Blazegraph
Nexus uses Blazegraph as an RDF (triple) store to provide a advanced querying capabilities on the hosted data. This store is treated as a specialized index on the data so as with Elasticsearch in case of failures, the system can be fully restored from the primary store. While the technology is advertised to support High Availability and Scaleout deployment configurations, we have yet to be able to setup a deployment in this fashion.

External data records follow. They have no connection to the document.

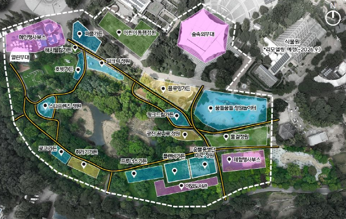 아이들이 직접 참여하여 정원을 가꾸고 체험할 수 있는 공간이 마련됩니다. 대표적으로 '꿈틀꿈틀 정원놀이터'는 GS건설, 초록우산어린이재단과 협력하여 조성된 어린이 맞춤형 정원으로, 놀이와 학습을 동시에 즐길 수 있습니다.
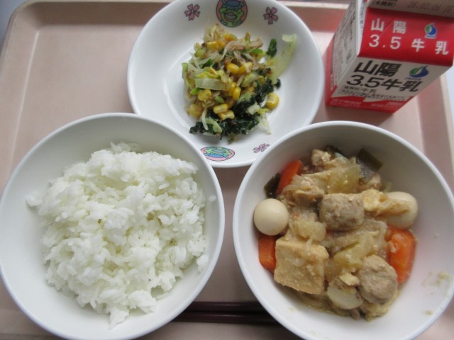 コラボしている本は、「おでんもおんせん」です。おでん達がやってくる、ひなびた温泉で、つぎつぎ繰り出される「かたたたききに きた たまご かたかった かた たたきたかった ききめ あったか かたたたきき かたたたきき あたたかかった」などの「おでんの早口言葉」が楽しい絵本です。児童玄関に手に取れるように本が置いてあります。興味を持って見ている子もいました。コラボをきっかけに読書も給食も、より楽しんでほしいと思います。
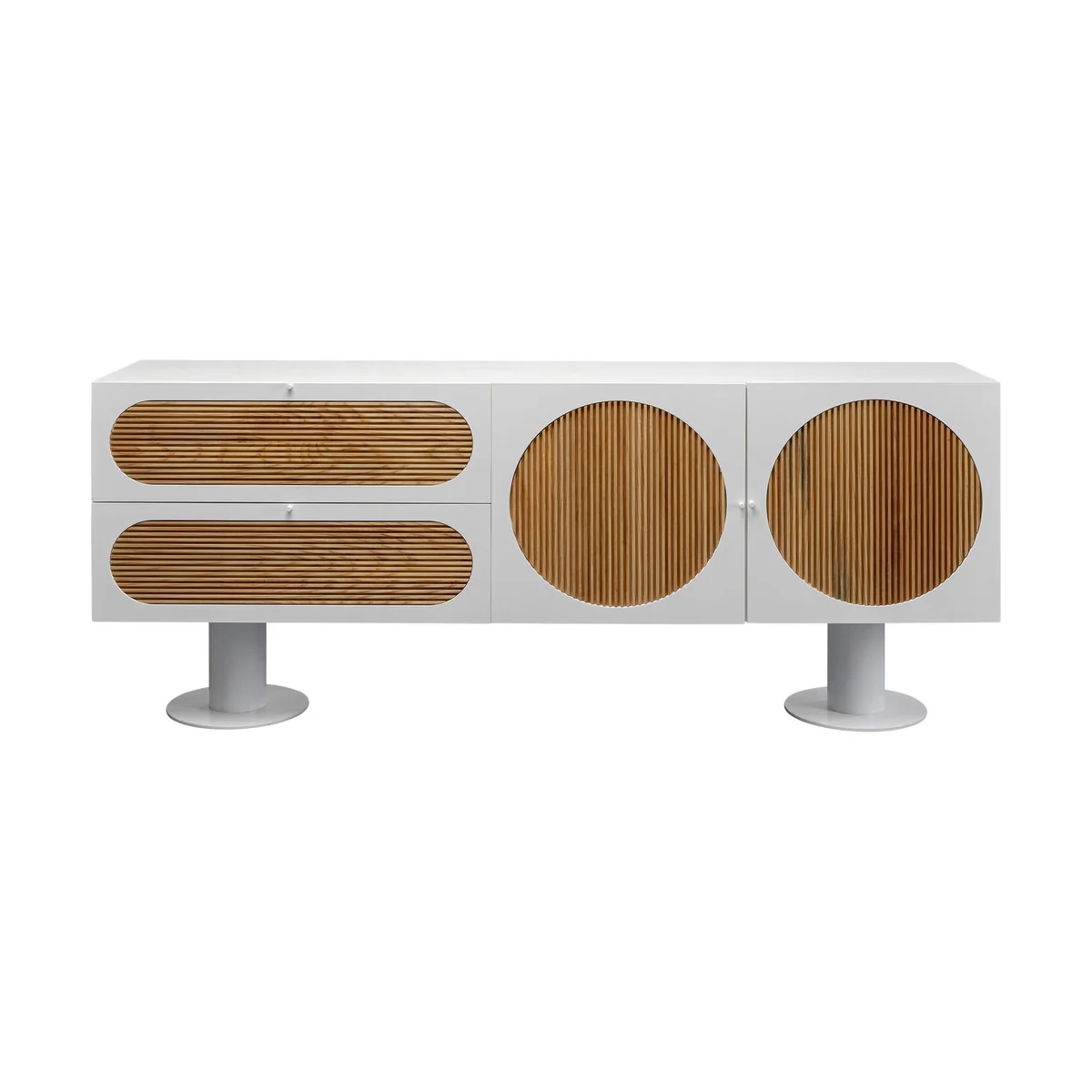 Streamline rooms with the Atomic white sideboard, featuring a smooth finish and simple rectangular shape that suits dining rooms, hallways or living areas. Ample storage keeps belongings neatly arranged, delivering a clean, modern aesthetic. Pairs well with other pieces from the Atomic collection for a cohesive look.

Blazegraph can be deployed by:
- using the docker image created by BBP: https://hub.docker.com/r/bluebrain/blazegraph-nexus
- deploying Blazegraph using the prepackaged tar.gz distribution available to download from GitHub.
We’re looking at alternative technologies and possible application level (within Nexus) sharding and replicas.
Blazegraph is not actively maintained anymore since Amazon hired the development team for their Neptune product. It makes operating it harder as resources about monitoring are scarce and bugs and issues about Blazegraph will remain unsolved.
Running and monitoring
CPU: It suggests heavy indexing and query operations. It is likely to happen when reindexing after updating search but if it happens regularly:
- Review the SPARQL queries made to Blazegraph
- Review the indexing strategy
- Allocate more resources to Blazegraph
- The Blazegraph and composite views plugin can point to different Blazegraph instances, this can be considered if you have a heavy usage of both plugins
Memory and garbage collection: Blazegraph will use the available RAM in 2 ways, JVM heap and the file system cache so like Elasticsearch, the JVM garbage collection frequency and duration are also important to monitor.
Using the supervision endpoints for Blazegraph and composite views and the RAM guidance from Blazegraph gives some insights on how much memory can be assigned.
Storage:
Blazegraph stores data in an append only journal which means updates will use additional disk space.
So the disk usage will grow with time depending on the rhythm of updates.
Compactions can be applied to the journal using the CompactJournalUtility to reduce the disk usage, but it takes quite a bit a time and requires taking the software offline during the process.
An alternative can be to reindex on a fresh instance of Blazegraph, this approach also allows to reconfigure the underlying namespaces.
Using the supervision endpoints for Blazegraph and composite views and the Data on disk guidance from Blazegraph gives some insights on how much storage can be assigned.
Query and indexing performance:
Query load and latency must be monitored to make sure that information in a timely manner to the client.
On the write side, indexing load and latency must also be watched especially if the data must be available for search as soon as possible.
To help with this, Delta records long queries and stores them in the blazegraph_queries
table and also leverage Kamon tracing with spans to measure these operations and if any of them fail.
Tools and resources
The Hardware Configuration section in the documentation gives a couple of hints about the requirements to operate Blazegraph and there are additional sections for optimizations in terms of Performance, IO and Query.
The Nexus repository gives also:
- A jetty configuration allowing which allow to tune Blazegraph so as to handle better Nexus indexing/querying
- A log4j configuration As the default one provided by Blazegraph is insufficient
- The docker compose file for tests shows how to configure those files via system properties
- A python script allowing to scrape Blazegraph metrics so as to push them to a Prometheus instance
Backups
Pushing data to Blazegraph is time-consuming especially via the API as triples are verbose and Blazegraph does not allow large payloads.
So even if it is possible to repopulate a Blazegraph instance from the primary store, it is better to perform backup using the online backup api endpoint.
Here is an example of a backup script using this endpoint, compressing the resulting file and creating a checksum out of it.
The Nexus repository also provides:
This script is meant to be run in Kubernetes as a cronjob but should be easily adaptable from other contexts by replacing the kubectl
commands.
To restore a backup, the journal file related to the instance needs to be replaced by the one generated by the backup operation.